Как бы ни уводил писатель своего героя за полярный круг, во льды, Офир обозначает теплую страну. Во 2–й книге Паралипоменон повествуется о том, как Соломон строил дом Господен, привозя для украшения золото из Офира (8, 18; 9, 10). Офирское золото поминают Иов (22, 24; 28,16), Исайя (13, 12). Вероятно, из Ветхого Завета Щербатов знал эту страну, местоположение которой современная наука пока не устанавливает с достоверностью, предполагая все же Индию (порт Супара в 60 км. севернее Бомбея)[7].

Офир в системе щербатовских метафор — пустое место, и утопия русского писателя словно предполагает порядок, возможный лишь на пустом месте, где история начинается как бы сначала. У этой пустоты нет строгого, единственного смысла. Она и пустота — синоним утопии, но место пусто и потому, что неизвестно, что в нем есть. Офирская земля становится разновидностью призрачного Китеж — града. Призрачность (то ли есть, то ли нет), оптическая игра, затрудняющая окончательное суждение, — одно из свойств поэтики русской литературной утопии. Не в последнюю очередь поэтому ею любимы ситуации сна: у этого типологического для жанра утопии приема на русской литературной почве имеется добавочное объяснение. Сон — знак надежды на осуществление того, что принципиально неосуществимо (след архаико — магической психологии). Вот почему социальные фантазии и рецепты русской утопии XVIII в. обладают признаком, отсутствующим у западноевропейских утопий, — пафосом реализации. Русская литературная утопия, оставаясь жанром (как утопия западноевропейская), одновременно является социальным проектом, рассчитанным на исполнение. Возможно, в этой разнице следует искать ответ на вопрос, почему в России взялись реализовать социальную утопию коммунизма. Предварительный ответ таков: потому что, ощущая ее нереальность, вместе (и, не исключено, потому, что ощущалась нереальность) с такой страстью хотели, чтобы стало так, что невысказанно, несформулированно были убеждены: да, не бывает, чтобы пустое место стало полным, но нет ничего, что бы не отступило перед горячим и страстным порывом, материальный мир всегда заведомо слабее воли (все та же архаическая племенная, психология).

Глобальные метеоперемены, если отнестись к ним как к образу, а не реальному проекту (разница, кстати, малоощутимая в нашей истории: самые фантастические проекты, бывало, пробовали реализовать), располагают к такому заключению: неколебимая устойчивость исторического порядка кажется настолько неизменной, что лишь событие космического масштаба способно потрясти этот порядок.

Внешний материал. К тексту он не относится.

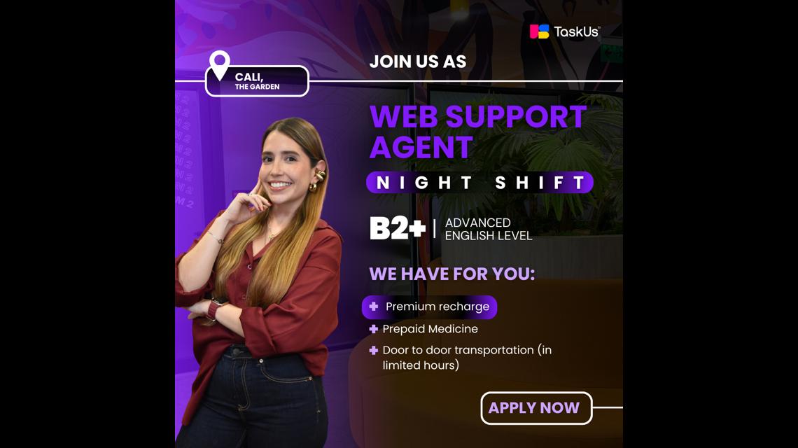 Únete a TaskUs: Campaña Bilingüe Web Support/Night Shift/ English B2 - 2 días off
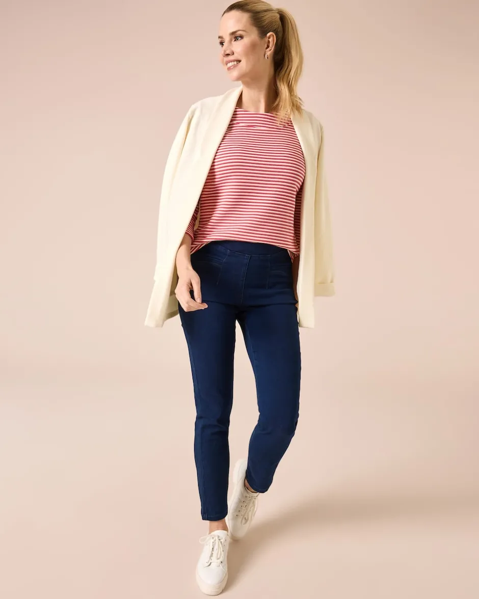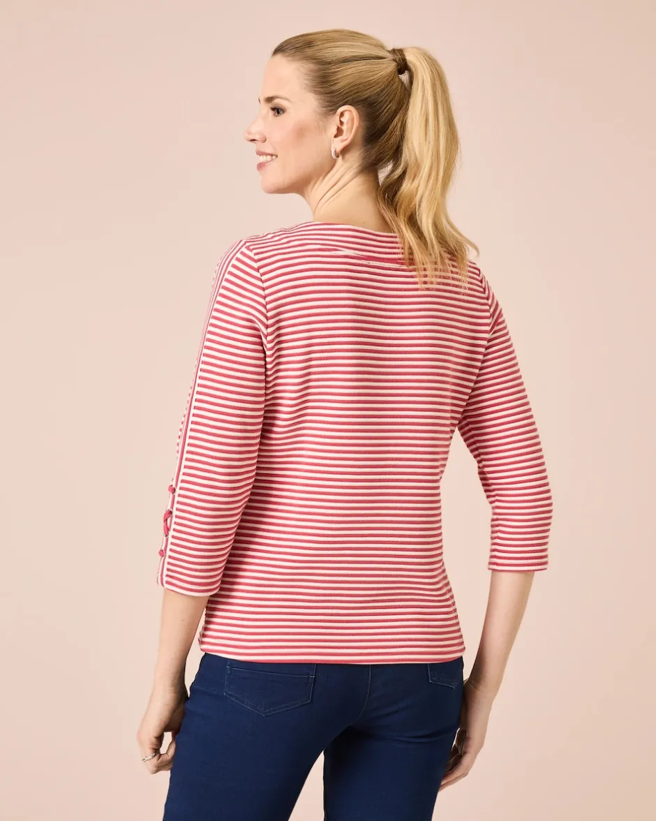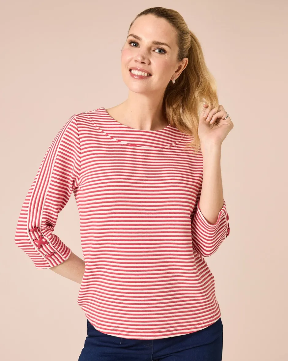 Entdecken Sie unseren top-modischen Sweater in hochwertiger Lux Ottoman Qualität. Mit seinen schmalen Streifen und dem Rundhalsausschnitt mit breiter Blende bringt er einen frischen Wind in Ihre Garderobe. Der 3/4 Arm mit Querstreifen und Deko-Schnürung am Armende sorgt für ein besonderes Detail, während der gerade Saum eine optimale Passform garantiert. Dieses Statement-Stück ist mehr als nur ein Sweater, es ist ein Ausdruck von Eleganz und Modernität. Ob zu einer Jeans für einen lässigen Stadtbummel oder zur Stoffhose für den professionellen Auftritt im Büro – dieser Sweater passt einfach immer.
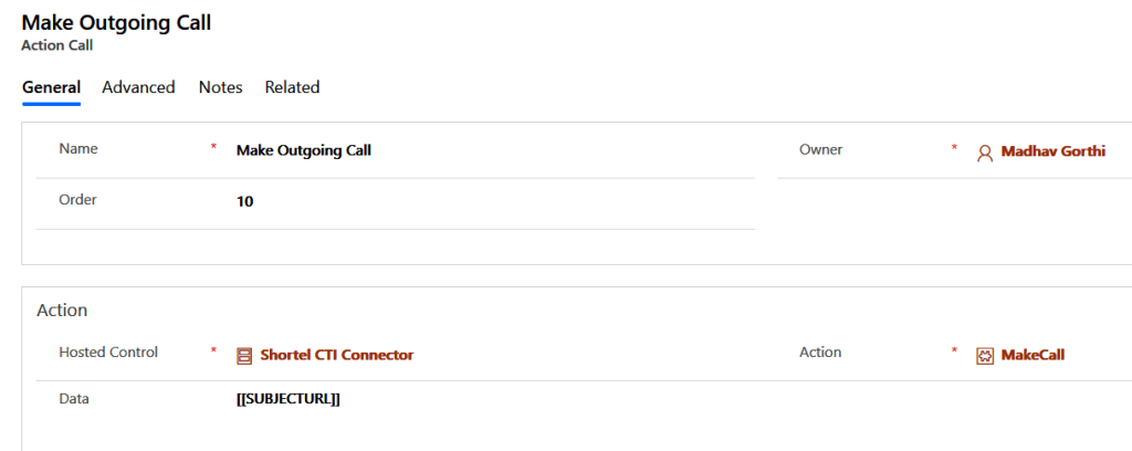 Step 3: Create an Action Call for the UII action we created in Step 2 as shown below. We have passed data parameter [[SUBJECTURL]] as this is the parameter which holds the phone number. This will fire MakeCall action which we’ll override to inject our custom code to make outgoing call.
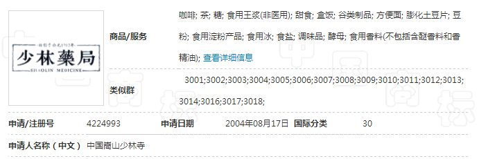 “南少林”并不是少林寺第一个被驳回的商标,此前少林寺也曾有过“少林药局”在30类(茶、咖啡、方便面)被驳回的经历。
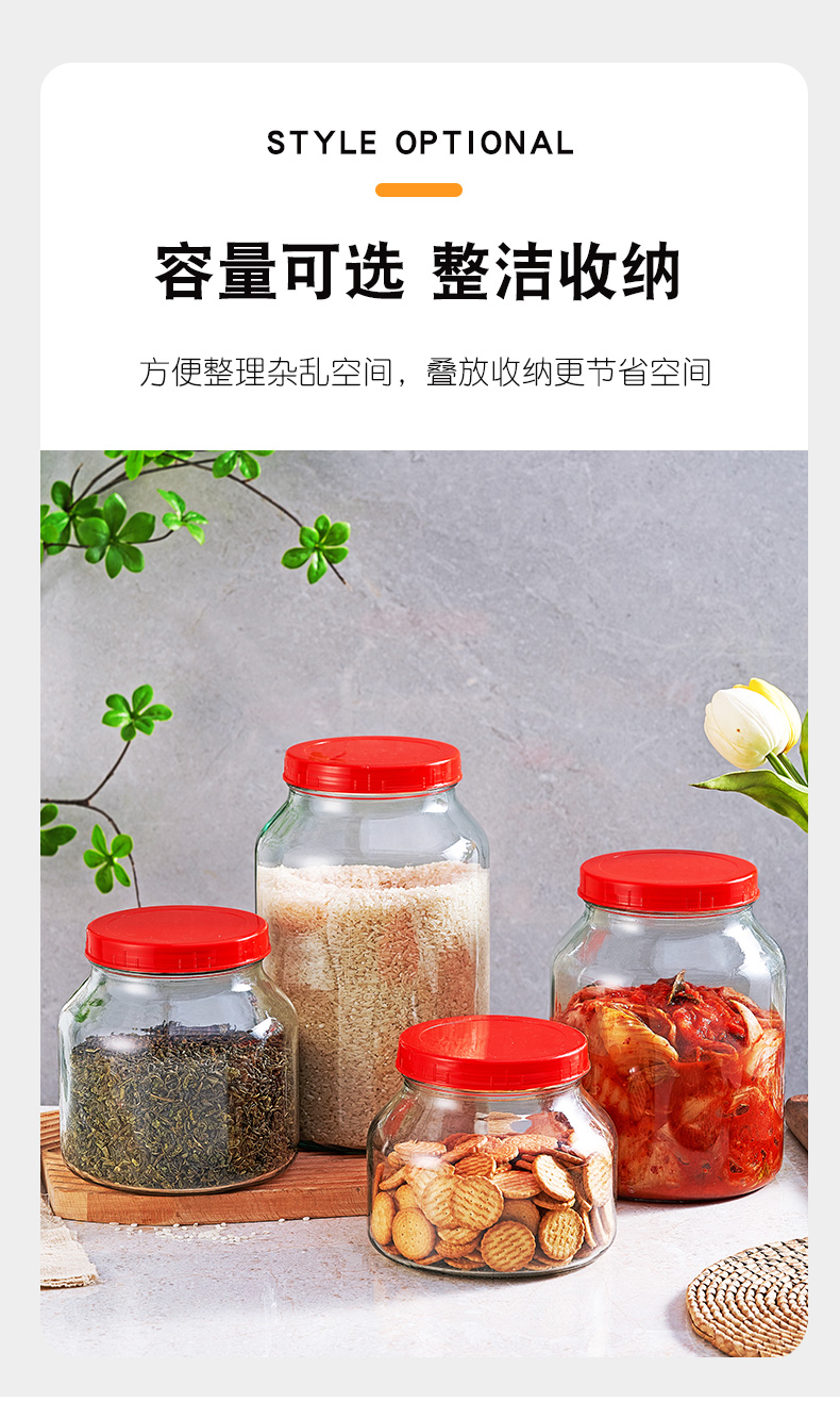 ガラス密封瓶、食品グレードのピクルス瓶、雑穀保存瓶、ピクルス保存瓶、蓋付き雑穀空瓶、マリネニンニク
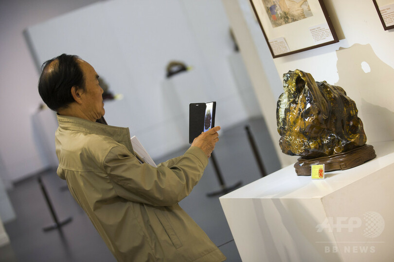 めったに見ることのできない希少価値の高いものや、石の絵画など、国内外の専門家から集められた約300点の観賞石が展示された。山西省観賞石協会、山西省収蔵家協会などの主催。(c)CNS/JCM/AFPBB News
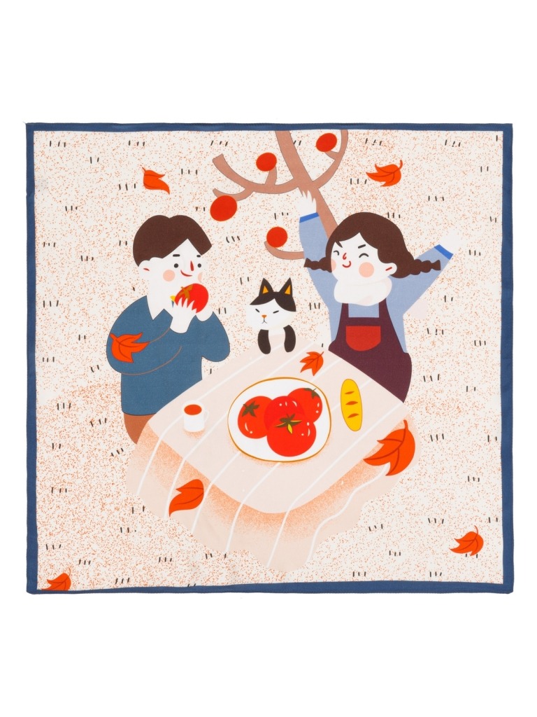 Платок с принтом из 100% шёлка. Тип плетения: Сатин. Размер: 53х53 см. Ручная подгибка.

Русская литературная утопия XVIII в. отвечает на вопрос хотя бы об одной из причин такой неизменности, и причина эта — в благих побуждениях об устройстве государства. Кроме него, никаких других объектов не имеет литературная утопия XVIII в. Сколько бы ни отличались друг от друга Сумароков, Щербатов, Радищев как писатели, они в один голос ведут речь только о государстве, и ни слова о проблемах частного человека, отдельного лица, индивида, как будто их нет. Когда же они вскользь упоминаются (у Щербатова, Радищева), то в качестве производных от положения государства. Вот почему самая главная проблема в утопиях — поиск государством нужных людей. Найдутся они, и государство расцветет, ибо его неудачи — только от неисправной расстановки лиц. Не догадываются, что и расстановка, и лица — результат этого государства; не догадываются: измените характер государственной власти, поменяются и люди в государственных учреждениях. Нет, государство незыблемо.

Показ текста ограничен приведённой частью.